For the first node, configure the HARVESTER-CONFIG-FILE.yaml shown below, replacing the placeholders with your environment details.
scheme_version: 1
token: {{CLUSTER-TOKEN}}
os:
hostname: {{HOSTNAME}} # Set a hostname. This can be omitted if DHCP server offers hostnames.
ssh_authorized_keys:

- {{SSH_PUBLIC_KEY}}
  password: {{ENCRYPTED_PASSWORD}}
  ntp_servers:
- 0.suse.pool.ntp.org
- 1.suse.pool.ntp.org
  dns_nameservers:
  - 8.8.8.8
  - 1.1.1.1
  install:
  mode: create
  management_interface:
  interfaces:
  - name: {{INTERFACE_NAME}}
  default_route: true
  method: static
  bond_options:
  miimon: 100
  ip: {{PUBLIC_IP}}
  subnet_mask: {{PUBLIC_SUBNET}}
  gateway: {{PUBLIC_GW}}
  device: {{BLOCK-STORAGE-DEVICE}}
  iso_url: https://releases.rancher.com/harvester/master/harvester-master-amd64.iso
  tty: ttyS1,115200n8 # For machines without a VGA console

vip: {{VIRTUAL-IP-FOR-CLUSTER-MANAGEMENT}}
vip_mode: static # Or static
vip_hw_addr: # Leave empty when vip_mode is static
To replace the placeholders in the HARVESTER-CONFIG-FILE.yaml, follow these steps:
  1. CLUSTER-TOKEN: This is a unique token used to create the cluster and join new nodes. You can generate a random string (e.g., openssl rand -hex 16) or create a meaningful token.
  2. HOSTNAME: Replace this with the hostname of your server. This can be anything meaningful to you, like node1, harvester-master, etc.
  3. SSH_PUBLIC_KEY: Enter your public SSH key here. This allows you to log in to the server via SSH after installation. You can find your public key by running cat ~/.ssh/id_rsa.pub on your local machine.
  4. ENCRYPTED_PASSWORD: Replace this with an encrypted password (hashed with bcrypt, for example). You can generate this using a password generator or encryption tool like openssl.
  5. INTERFACE_NAME: Set this to your network interface name (e.g., eth0, enp1s0, etc.). You can find this by running ip a or ifconfig on your server to identify the network interface name.
  6. PUBLIC_IP: This should be the static public IP address assigned to the server. It’s the IP you want to use for the management interface.
  7. PUBLIC_SUBNET: Replace this with the subnet mask of the network your server is in.
  8. PUBLIC_GW: This is the gateway IP address for your network, typically the IP address of your router.
  9. BLOCK-STORAGE-DEVICE: Specify the storage device where Harvester should be installed. This is typically something like /dev/sda or /dev/nvme0n1, depending on your server’s disk layout.
  10. VIRTUAL-IP-FOR-CLUSTER-MANAGEMENT: This is the virtual IP (VIP) that will be used for cluster management. It must be an unused IP in the same subnet as your public IP and dedicated for cluster management.

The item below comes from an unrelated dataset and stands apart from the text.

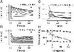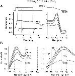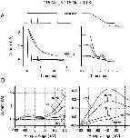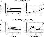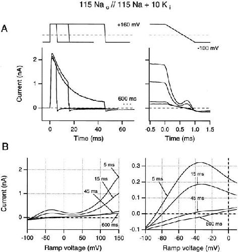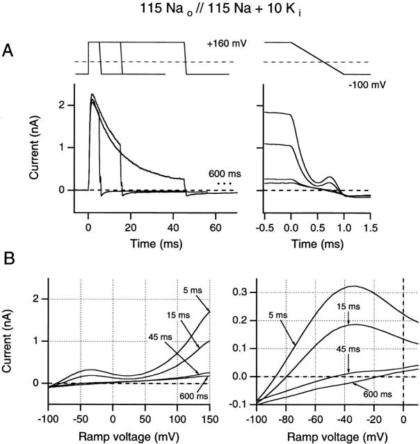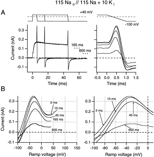 Figure 6. Effects of increasing test pulse duration on ramp I-V curves recorded after test pulses to +160 mV. (A) Ramp currents are plotted against time. (B) Ramp currents are plotted against ramp potential. Same format as in Fig. 5. All data are from the same inside-out patch as in Fig. 5. |
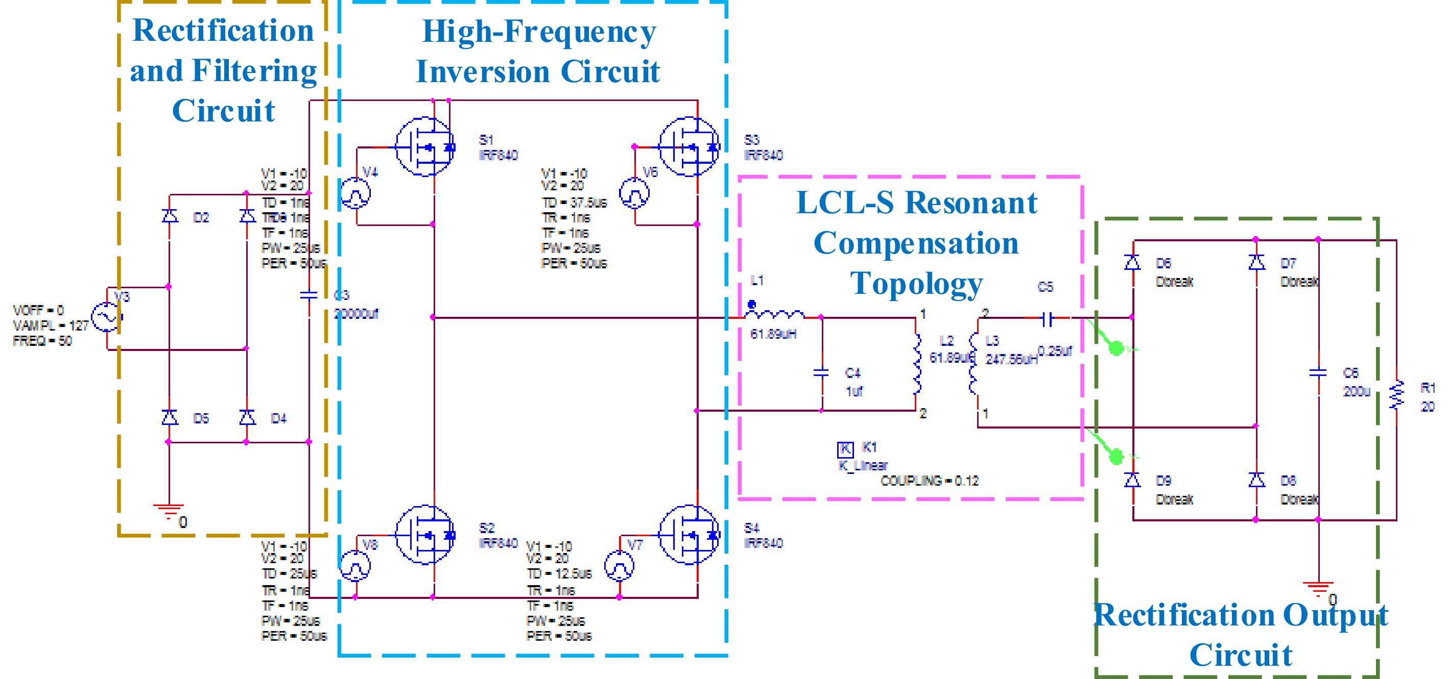 The LCL-S compensated topology ensures series resonance on the primary side and parallel resonance on the secondary side. This structure effectively decouples the resonant condition from the resistive load magnitude, allowing the system to maintain resonance even when the load power changes:

Step 2: Request additional IPs

Depending on the number of VMs and services you plan to deploy, calculate the required IP addresses. If you’re running out of available IPs, you may need to request additional IPs.
1

Submit IP request

Go to Networking > IP Addresses on the Latitude.sh dashboard to request additional IPs:
  • Select the required number of IPs. Request at least 1 /29 block for both cluster and VM, or 2 /29 blocks to separate traffic between them.
  • Provide a justification for the request (e.g., setting up a Harvester-based private cloud)
2

Assign IPs to Virtual Machines

Once you’ve received additional IP addresses, assign them to your VMs in Harvester.

Step 3: Boot the server

In the Latitude.sh dashboard, click Reinstall from the server Actions menu, choose Custom image (iPXE) as the OS, and paste your modified boot.ipxe script with the URL of your customized Harvester configuration file. This will automatically install Harvester on the server and configure it as the management node for your cluster. Harvester iPXE installation For additional nodes, boot each node using the corresponding iPXE script and the HARVESTER-ADD-NODE-TO-CLUSTER.yaml configuration to join the existing cluster.

All set!

With your Harvester cluster deployed, you now have full control over your cloud-native workloads and the flexibility to scale as your needs evolve. This setup ensures high-performance virtualization while maintaining the manageability of cloud environments.